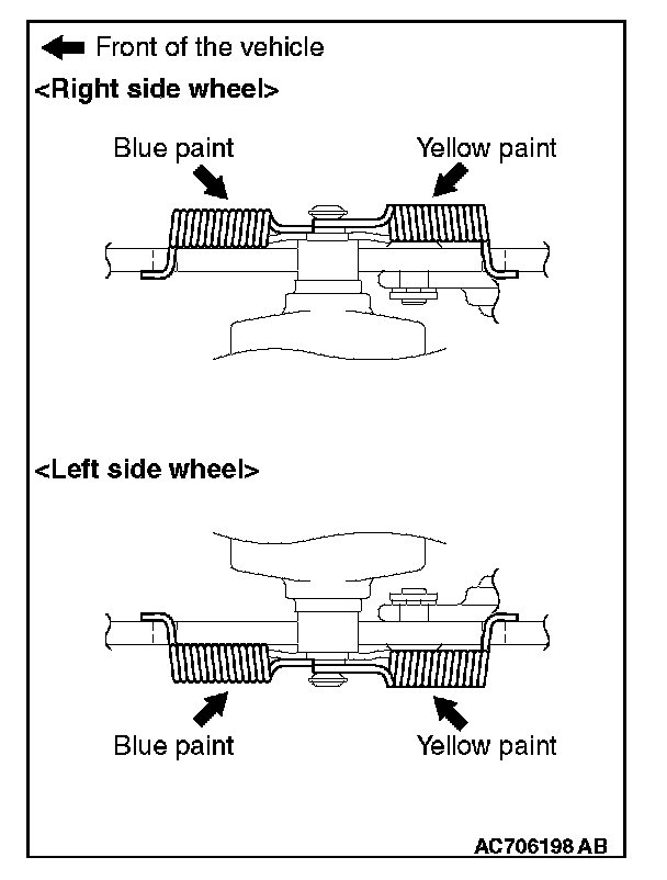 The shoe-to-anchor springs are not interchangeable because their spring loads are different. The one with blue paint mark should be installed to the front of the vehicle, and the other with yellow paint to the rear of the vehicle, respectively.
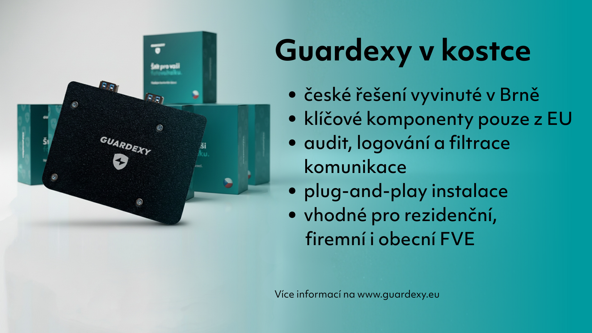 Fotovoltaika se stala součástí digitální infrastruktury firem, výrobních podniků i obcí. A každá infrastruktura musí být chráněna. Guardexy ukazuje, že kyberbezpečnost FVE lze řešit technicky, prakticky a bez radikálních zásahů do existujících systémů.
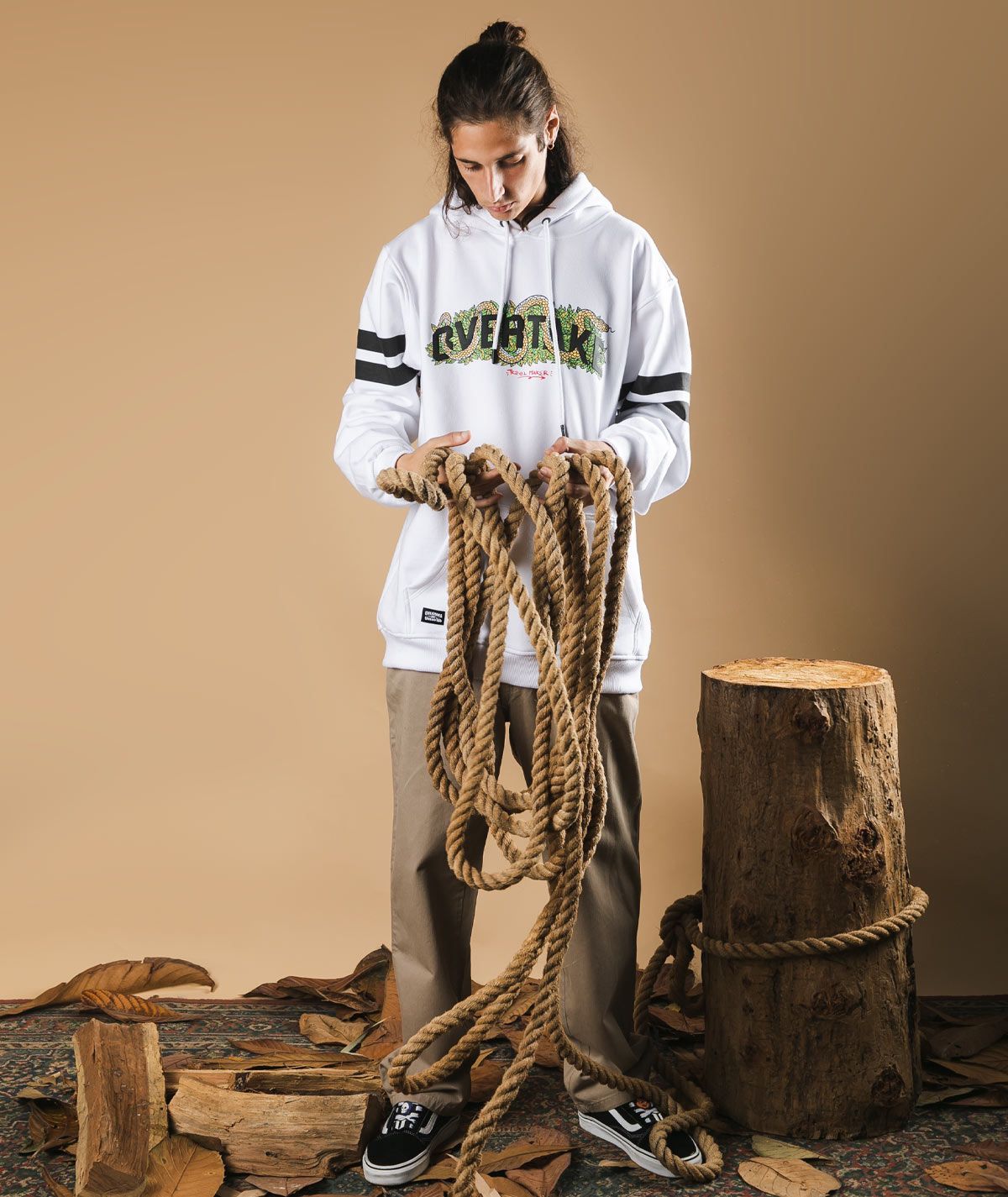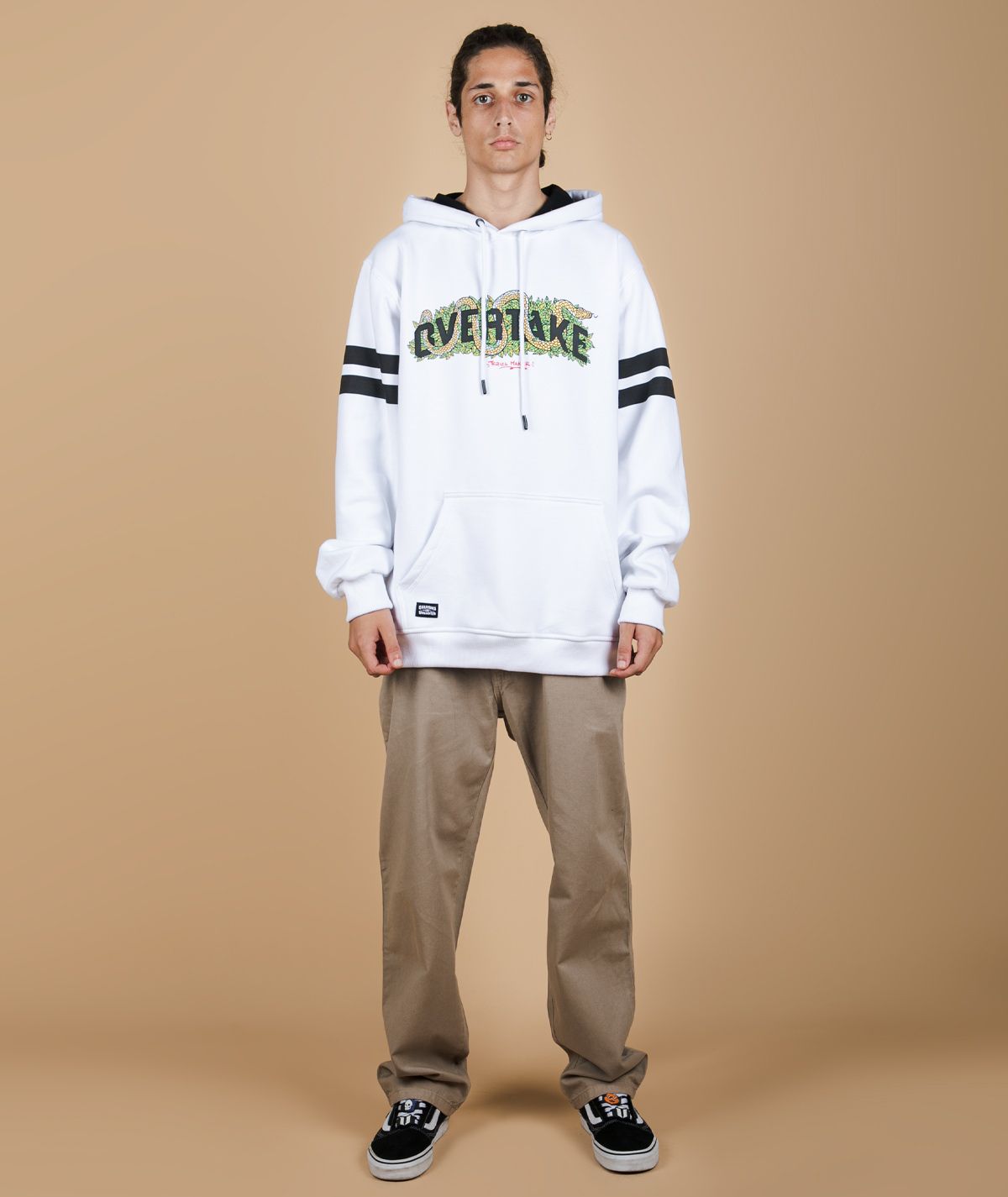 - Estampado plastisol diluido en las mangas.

...

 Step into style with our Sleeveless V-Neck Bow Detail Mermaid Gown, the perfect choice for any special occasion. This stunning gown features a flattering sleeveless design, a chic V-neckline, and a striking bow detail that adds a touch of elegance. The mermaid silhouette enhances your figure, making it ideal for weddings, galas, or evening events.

■ WORK TASK: In the records above, everything from the line with "The shoe-to-anchor springs" down to the line with "- Estampado plastisol diluido en las mangas." is to be set down exactly, both ends included, with no pictures and no other lines.

■ RESPONSE TO THIS TASK:
 The shoe-to-anchor springs are not interchangeable because their spring loads are different. The one with blue paint mark should be installed to the front of the vehicle, and the other with yellow paint to the rear of the vehicle, respectively.
 Fotovoltaika se stala součástí digitální infrastruktury firem, výrobních podniků i obcí. A každá infrastruktura musí být chráněna. Guardexy ukazuje, že kyberbezpečnost FVE lze řešit technicky, prakticky a bez radikálních zásahů do existujících systémů.
 - Estampado plastisol diluido en las mangas.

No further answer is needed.